TASK INSTRUCTIONS:
After locating the line with "Dalam kegiatan tersebut, Persit" in the data that follows, return it and every later line exactly, up to and including the line with "Addison Rugs Chantille".

PROVIDED RECORDS:
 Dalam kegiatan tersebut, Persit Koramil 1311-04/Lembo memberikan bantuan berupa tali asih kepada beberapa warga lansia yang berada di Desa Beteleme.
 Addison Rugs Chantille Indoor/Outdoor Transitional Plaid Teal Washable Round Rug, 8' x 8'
* * *
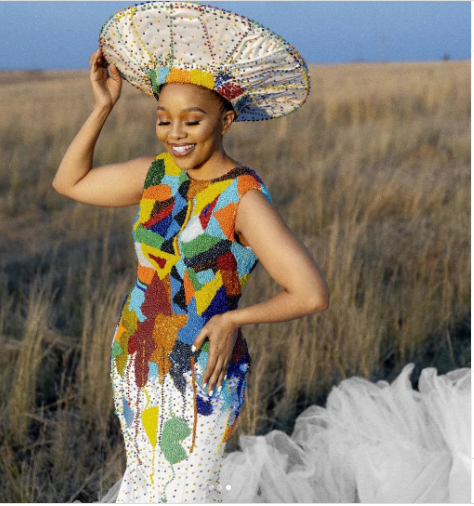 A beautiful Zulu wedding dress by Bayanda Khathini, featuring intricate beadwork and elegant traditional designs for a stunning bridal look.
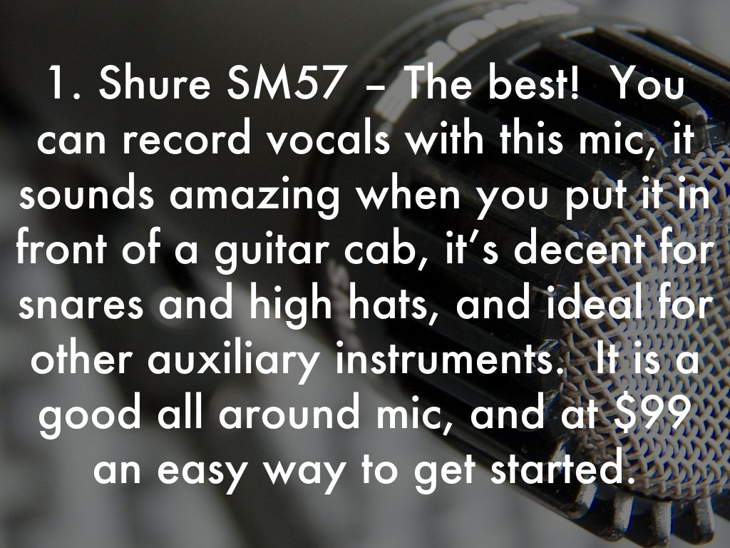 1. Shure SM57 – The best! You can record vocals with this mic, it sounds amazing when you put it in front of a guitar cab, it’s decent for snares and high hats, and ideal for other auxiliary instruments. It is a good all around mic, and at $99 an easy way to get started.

REPLY TO THE TASK:
 Dalam kegiatan tersebut, Persit Koramil 1311-04/Lembo memberikan bantuan berupa tali asih kepada beberapa warga lansia yang berada di Desa Beteleme.
 Addison Rugs Chantille Indoor/Outdoor Transitional Plaid Teal Washable Round Rug, 8' x 8'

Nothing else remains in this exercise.